Dive Brief:
- The special servicer for eight commercial mortgage-backed securities loans in New York City has instructed its legal counsel to foreclose on the 28 workforce properties that back the loans, according to a recent press release from credit rating agency DBRS Morningstar. It did not name the servicer.
- The eight loans, which back 747 units in multiple neighborhoods in the Bronx, were delinquent and in special servicing as of November. Seven of those loans, covering 25 properties and 663 units, were transferred to special servicing over the summer for imminent monetary default, according to DBRS Morningstar.
- The properties are owned by New York City-based Emerald Equity Group. The company, which is led by CEO Isaac Kassirer, cited non-paying tenants and inflated expenses as the source of the payment issues. Financial services firm Sabal Capital Partners originally issued the debt, according to The Real Deal.
Dive Insight:
Emerald bought a series of rent-stabilized buildings, aiming to convert them to market-rate properties in the late 2010s. However, the passage of a 2019 rent law thwarted those plans and forced some of its properties into bankruptcy in 2020.
“The Housing Stability & Tenant Protection Act of 2019, high inflation rates, increasing operating expenses — which continue to outpace permitted rental increases for rent-stabilized apartments — and an inability to collect rents have critically impaired the value of rent-stabilized assets in NYC over the past five years,” DBRS Morningstar said in the release.
Emerald isn’t alone in struggling with unpaid rent after eviction moratoriums and rental assistance programs have expired. For instance, servicers foreclosed on four buildings owned by New York City-based City Skyline Realty in early September, according to The Real Deal. The owner defaulted on $26 million in debt on four Upper Manhattan rent-stabilized properties — 174 West 137th Street, 507 West 139th, 510 West 148th Street and 505 West 161 Street.
A survey from the Community Housing Improvement Program, a trade association for owners of rent-stabilized rental properties across New York City, estimated that 93,500 tenants were more than three months behind on rent in September, 37,500 owe more than $25,000 and 4,500 tenants are more than $50,000 in arrears.
Steep declines
Initially, the servicer was drafting a loan modification as it continued discussions with Emerald about plans for correcting various property conditions and general performance issues across the portfolio. However, the servicer eventually instructed its counsel to file receiver applications and foreclosure motions.
“Ultimately, the execution of that forbearance agreement was unsuccessful as the guarantor was unwilling to sign off on the representations and warranties, indicating that unconditional releases must be provided,” according to DBRS Morningstar.

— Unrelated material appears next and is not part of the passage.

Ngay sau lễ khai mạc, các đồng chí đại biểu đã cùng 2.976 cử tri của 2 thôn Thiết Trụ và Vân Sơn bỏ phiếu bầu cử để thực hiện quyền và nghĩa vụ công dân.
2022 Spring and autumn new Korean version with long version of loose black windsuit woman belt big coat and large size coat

When the 28 properties come back to the servicer, their value will be much less than when the loans were originated in 2020. The broker opinion of values for the properties indicates weighted-average value declines of approximately 55% when compared with the issuance appraised values, according to DBRS Morningstar. When the properties are eventually sold, that loss could land around 45%.

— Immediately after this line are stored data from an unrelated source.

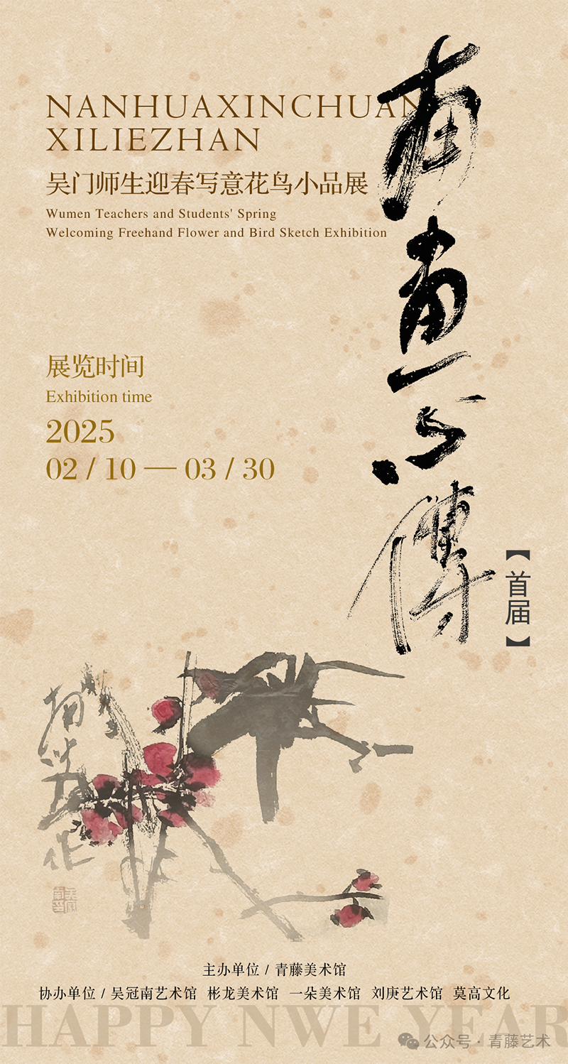 青藤美術(shù)館作為藝術(shù)傳承與文化交流的重要平臺,始終秉持著對傳統(tǒng)藝術(shù)的敬畏之心與對學術(shù)研究的嚴謹態(tài)度。值此新春佳節(jié)之時,攜手吳門師生,以筆墨丹青為媒介,共同傳遞新春的美好祝福與對藝術(shù)的崇高敬意。此次首屆“南畫心傳”—2025年吳門師生迎春寫意花鳥小品展,不僅是對書畫藝術(shù)傳承脈絡的深入梳理與文化精神的深刻闡釋,更是對吳門師生在書畫領(lǐng)域創(chuàng)新探索與階段性藝術(shù)實踐成果的一次展示。我們期待通過此次活動,進一步推動吳冠南藝術(shù)的學術(shù)研究與發(fā)展,為學術(shù)界與廣大藝術(shù)愛好者呈現(xiàn)一場視覺與思想的雙重盛宴。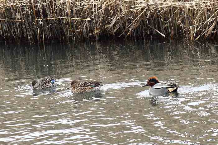 渡り鳥のコガモは連日、元気よく泳いでいますが、相変わらず陸上の渡り鳥は姿を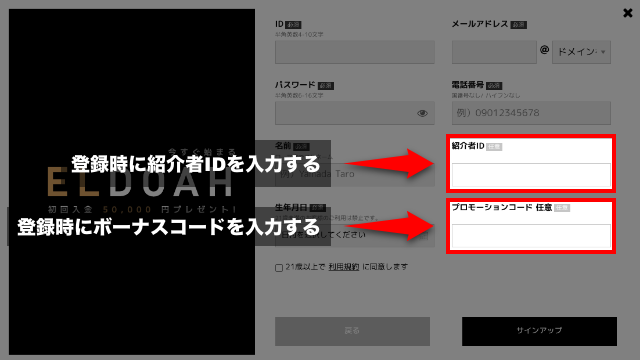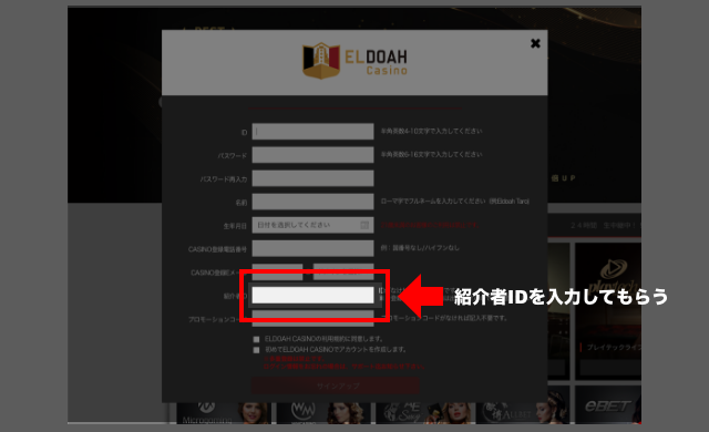 エルドアカジノを紹介したい友達に、登録時手続きに紹介者ID欄に紹介者ご自身のアカウントIDを入力するようにお伝えください。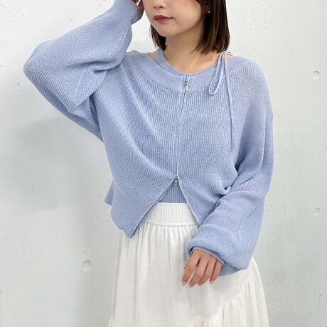 カーディガンは肩を出さずに程よい肌見せで着用することも可能。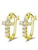 Charm Female White Zircon Stone Cross Hoop Earrings Gold Color Simple Wedding Jewelry For Women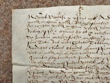 Dated Decimo Januaraii …Anno Regni Elizabeth…vicesimo sexto (10 January in the 26th year of the reign of Queen Elizabeth - dating it to 1584). Relates to the Release of land in Lancashire. Contents complete.
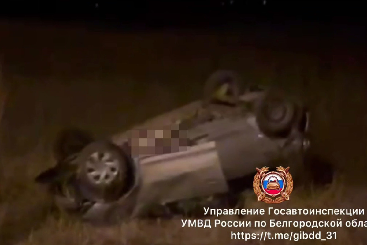 В Старооскольском округе опрокинулась иномарка: пострадал мужчина, фото: скриншот со страницы t.me/gibdd_31

However, DBRS Morningstar noted that updated appraisals have not been ordered on the properties and the special servicer has yet to calculate an appraisal reduction for any of the delinquent Emerald portfolio loans.
While the lack of updated official appraisal information leaves questions, DBRS Morningstar predicts the broker opinion of value could represent a baseline for current pricing on the 28 properties.
“Given the sponsor’s inability to address deferred maintenance issues and stabilize cash flows across the portfolio, as well as the property type and market-specific difficulties noted in the BOVs, DBRS Morningstar notes that the updated appraisals, once obtained, are unlikely to come in significantly higher than the BOVs provided to date,” the rating firm said in the report.